Safety and Tolerability of Recombinant Humanized Anti-PD-1 Monoclonal Antibody for Patients With Advanced Breast Cancer

Phase 1
Completed
Conditions
Breast Cancer
Interventions
Biological: humanized anti-PD-1 monoclonal antibody toripalimab
Registration Number
NCT02838823
Lead Sponsor
Shanghai Junshi Bioscience Co., Ltd.
Brief Summary

This is a mono-center, open-label, phase 1 study evaluating the humanized anti-PD-1 antibody JS001, as a monotherapy in patients with triple negative breast cancer who have failed in routine systemic treatment. The study will be conducted in 2 parts: dose escalation and cohort expansion to investigate tolerability and efficacy.

Detailed Description

This is a mono-center, open-label, phase 1 study evaluating the humanized anti-PD-1 antibody JS001, as a monotherapy in patients with triple negative breast cancer who have failed in previous routine systemic treatment.

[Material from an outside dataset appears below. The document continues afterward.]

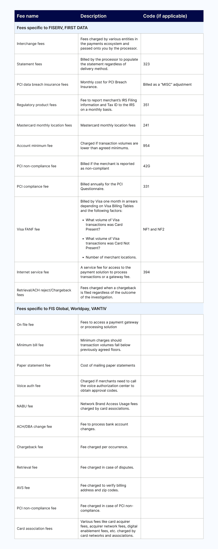 While there routinely is overlap, different payment processors do charge different fees—and define and categorize them differently. Depending on your processor—for example, FISERV or WorldPay—you might come across some unique codes in your merchant processing statement.

The study will be conducted in 2 parts: dose escalation and cohort expansion. In the first part, nine patients are injected with different dosage of the humanized anti-PD-1 antibody (1mg/kg or 3mg/kg or 10mg/mg, three patients in one group ) once and observed carefully in the following 4 weeks. If no dose-limiting toxicity (DLT) occurs, then they are injected every 2 weeks until disease progresses or unacceptable toxicity occurs. This part is to confirm DLT, maximum tolerated dose (MTD) and recommended dose (RD). In the second part, 6-12 patients are enrolled in each dosage group and injected with the humanized anti-PD-1 antibody every 2 weeks until disease progresses or unacceptable toxicity occurs. This part is to further analyze safety and efficacy of the humanized anti-PD-1 antibody.

Recruitment & Eligibility

Status
COMPLETED
Sex
All
Target Recruitment
20
Inclusion Criteria
  • Male and Female aged 18 to 70 years are eligible;
  • Eastern Cooperative Oncology Group (ECOG) performance status score of 0 or 1
  • Histologic diagnosis of triple negative breast cancer. Have failed at least 1 prior routine regimen for metastatic disease, or failed to tolerate the toxicity, or lack of any routine regimens.
  • Histologically confirmed estrogen receptor negative (ER-) and progesterone receptor negative (PR-), human epidermal growth factor receptor 2 negative
  • Providing with tumor specimen (for testing the expression of PD -L1 and the infiltrating lymphocytes);
  • At least 1 measurable lesion (only 1 measurable lymph node lesion is excluded) (routine CT scan >=20mm, spiral CT scan >=10mm, no prior radiation to measurable lesions) Predicted survival >=6 months;
  • Brain or meningeal metastases must be disposed with surgery or radiation, and be stable clinically for at least 8 weeks (prior systemic steroids was allowed, but concurrent administration of systemic steroids with the study drug is excluded).
  • Screening laboratory values must meet the following criteria(within past 14 days):

hemoglobin ≥ 9.0 g/dL neutrophils ≥ 1500 cells/ µL platelets ≥ 100 x 10^3/ µL total bilirubin ≤ 1.5 x upper limit of normal (ULN) aspartic transaminase (AST) and alanine transaminase (ALT) ≤ 2.5 x ULN without, and ≤ 5 x ULN with hepatic metastasis serum creatinine ≤1╳ULN,creatinine clearance >50ml/min (Cockcroft-Gault equation)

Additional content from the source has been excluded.